--- Entries supplied ---

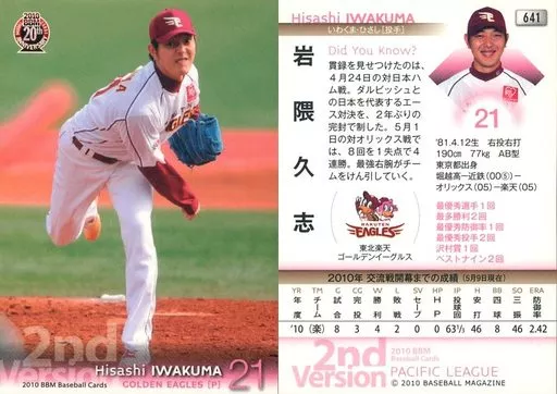 Nombre comercial en japonés: BBM/レギュラーカード/東北楽天ゴールデンイーグルス/BBM 2010 ベースボールカード 2ndバージョン 641 [レギュラーカード] : 岩隈久志
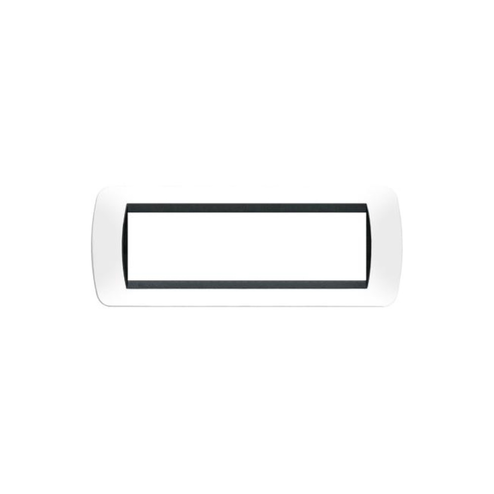 Placca 7 posti in tecnopolimero bianca con cornice interna nera di Bticino Livinglight. La placca o mostrina si aggancia al telaio L4707 e al LN4707.
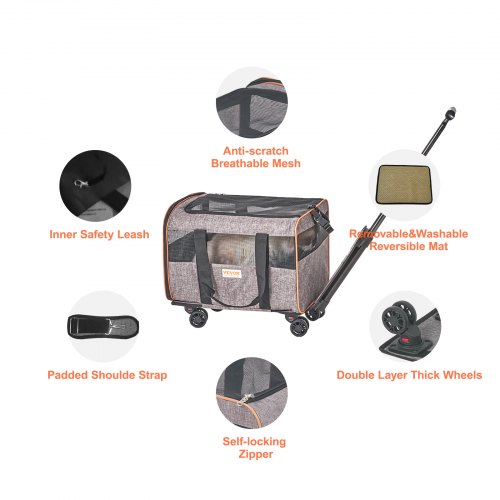 VEVOR Seggiolino Auto per Cani di Piccola Taglia Media 25kg, Rialzo per Cani Impermeabile, Tasca Portaoggetti, Guinzaglio di Sicurezza con Clip, Imbottitura in Spugna, Cuccia per Cani, Grigio
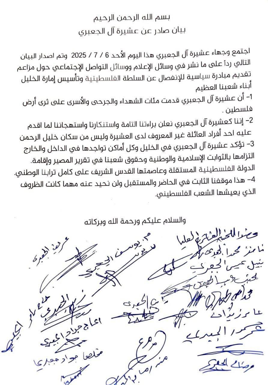 وأكدت عشيرة الجعبري في مدينة الخليل، براءتها الكاملة من المبادرة السياسية التي نُسبت لأحد أفراد العائلة، اوالتي تضمنت الدعوة إلى الانفصال عن السلطة الفلسطينية وتأسيس “إمارة الخليل”، والاعتراف بإسرائيل كدولة يهودية، مؤكدة أن هذه المواقف لا تمثل العائلة ولا تعبّر عن تاريخها الوطني والنضالي.
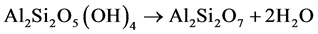 Kaolinite is characterized by a prominent endothermic effect in the range of 450˚C to 570˚C, followed by the destruction of the mineral crystalline network and the formation of metakaolin accompanied by the release of water, following the reaction described in Equation (11) [25] - [27] . The formation of the water molecules generates voids in the crystalline network, and when sufficient voids have formed, the structure deforms, producing metakaolin:

---

### Required work
With the pictures omitted, print the lines above exactly, beginning at the line with "Placca 7 posti" and going on through the line with "VEVOR Seggiolino Auto".

### The completed task
 Placca 7 posti in tecnopolimero bianca con cornice interna nera di Bticino Livinglight. La placca o mostrina si aggancia al telaio L4707 e al LN4707.
 VEVOR Seggiolino Auto per Cani di Piccola Taglia Media 25kg, Rialzo per Cani Impermeabile, Tasca Portaoggetti, Guinzaglio di Sicurezza con Clip, Imbottitura in Spugna, Cuccia per Cani, Grigio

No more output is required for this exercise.